GIVEN DATA:
[Start of Attachment]
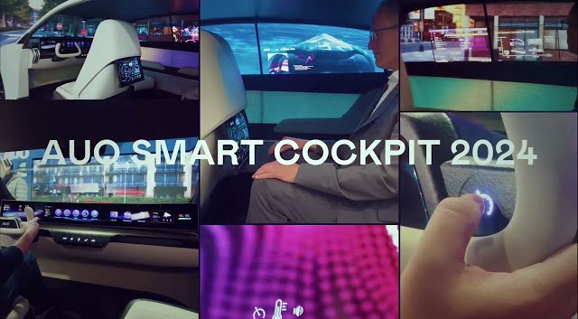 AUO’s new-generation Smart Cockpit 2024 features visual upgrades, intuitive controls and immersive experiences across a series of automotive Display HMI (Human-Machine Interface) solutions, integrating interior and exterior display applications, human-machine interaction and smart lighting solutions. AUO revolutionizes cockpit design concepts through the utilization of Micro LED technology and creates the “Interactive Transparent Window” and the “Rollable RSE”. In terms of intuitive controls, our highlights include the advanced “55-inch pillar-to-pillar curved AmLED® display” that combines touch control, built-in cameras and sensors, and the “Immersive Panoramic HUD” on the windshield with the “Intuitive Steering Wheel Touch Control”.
[End of Attachment]
[Start of Attachment]
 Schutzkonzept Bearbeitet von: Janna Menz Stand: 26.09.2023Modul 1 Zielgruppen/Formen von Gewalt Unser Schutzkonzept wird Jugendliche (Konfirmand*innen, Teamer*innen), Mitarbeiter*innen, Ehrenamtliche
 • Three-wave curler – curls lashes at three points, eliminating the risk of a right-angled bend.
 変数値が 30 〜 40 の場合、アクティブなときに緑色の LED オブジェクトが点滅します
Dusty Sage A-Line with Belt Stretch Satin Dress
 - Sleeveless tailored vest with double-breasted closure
[End of Attachment]
EXERCISE OBJECTIVE:
One stretch of the lines above is wanted, from the line that contains "Dusty Sage A-Line" through the line that contains "- Sleeveless tailored". Output it exactly.

WRITTEN ANSWER:
Dusty Sage A-Line with Belt Stretch Satin Dress
 - Sleeveless tailored vest with double-breasted closure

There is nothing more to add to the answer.